Они разрешили спор, приведя меня к своему королю, чтобы тот, по существующему у них обычаю, рассудил стороны. Король среди них главный арбитр в вопросах государственной политики и религии. Внешне это оказался достаточно высокий для майя человек, хотя в наших глазах он таковым не показался бы; он имел благородные черты лица и был одет в накидку из ярких перьев колибри, и его персону окружало большое количество золота. Он сидел на золотом троне и над головой его возвышалось скульптурное изображение Пернатого Змея, сделанного также из золота, украшенное драгоценными камнями и прекрасной эмалью.
И он принял следующее решение: в жертву меня не приносить, а содержать под охраной и учить языку майя так, чтобы можно было узнать от меня самого, кто я такой в действительности.
Я был настолько обрадован решению этого Соломона, что почти упал перед ним на колени, но в последний момент сдержался, вспомнив про то, что не понимаю их языка – как они считают – и чтобы выучить его, мне понадобится много месяцев или даже лет.

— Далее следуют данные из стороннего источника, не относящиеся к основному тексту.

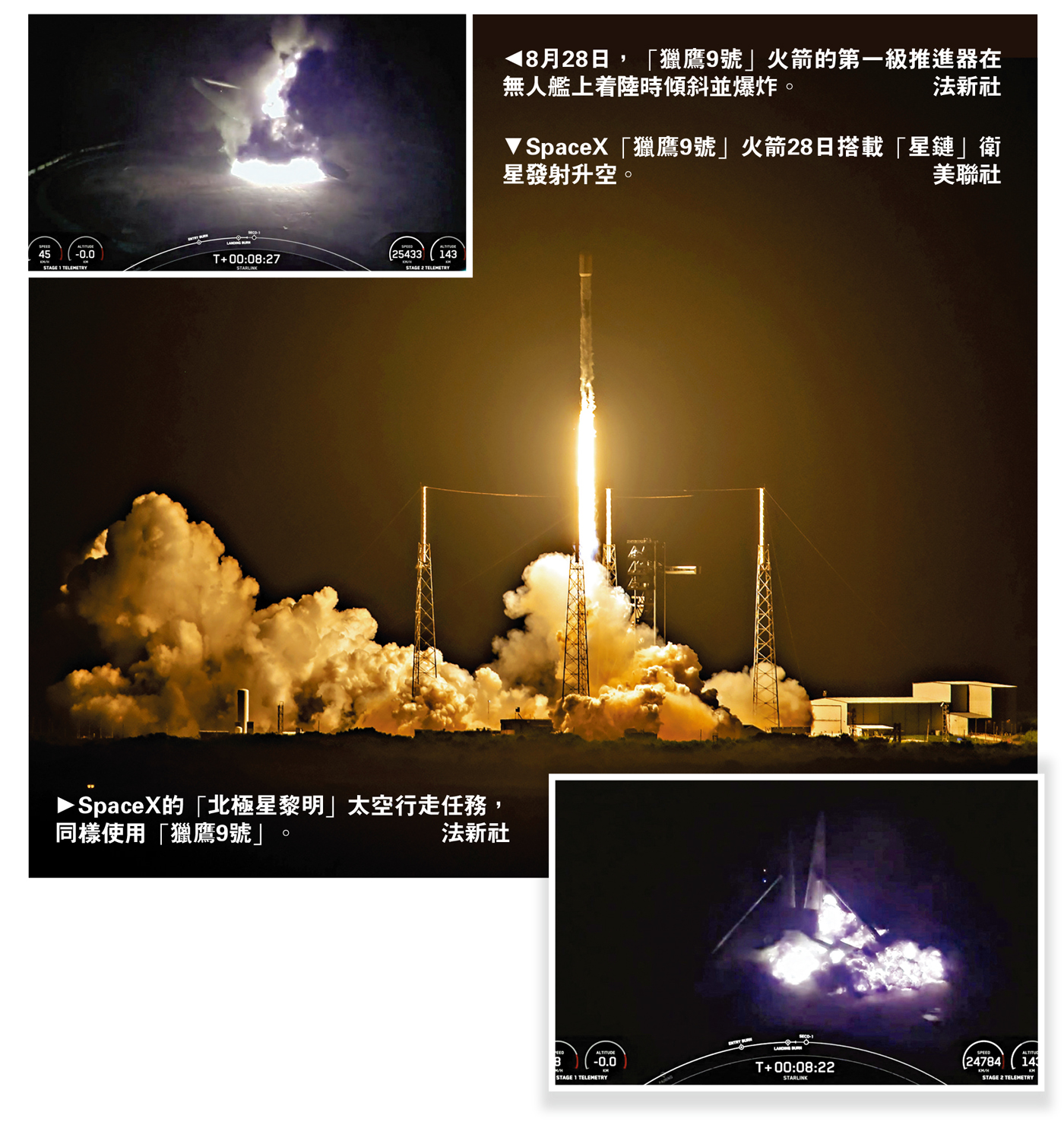 美國太空探索技術公司SpaceX的「獵鷹9號」火箭又出事故。當地時間8月28日凌晨,「獵鷹9號」火箭在執行「星鏈」衛星發射任務時,第一節助推器在返回地球着陸時發生爆炸。雖未造成傷亡或財產損毀,但美國聯邦航空管理局(FAA)下令「獵鷹9號」全面停飛。這是「獵鷹9號」兩個月內第二次因為事故被停飛,預計將會對SpaceX後續發射任務產生連鎖影響,包括首次商業太空漫步,以及接載2名太空人從國際空間站返回的計劃。

С помощью такой хитрости я сохраню свою жизнь и бессмертную душу.
Я был предоставлен заботам старейшего из жрецов, который отвел меня в главный храм и поселил в помещениях для священников. Вскоре я обнаружил, что могу свободно выходить и гулять по городу, где мне угодно, хотя всегда в сопровождении двух благородных стражников и по-прежнему позвякивая своими золотыми кандалами. Много лет спустя я узнал, что жрецы предоставили мне такую свободу, опасаясь мести с моей стороны за содержание в неволе, если вдруг впоследствии выяснится, что я на самом деле Кукулькан. А что касается золотых цепей – разве золото это не металл богов? Может быть, Кукулькана не оскорбит золото, если это и вправду Кукулькан. Даже короли носят золотые цепи, хотя и не в виде сков. Так рассуждали жрецы, боясь допустить бесчестие, поступив в чем-либо неправильно.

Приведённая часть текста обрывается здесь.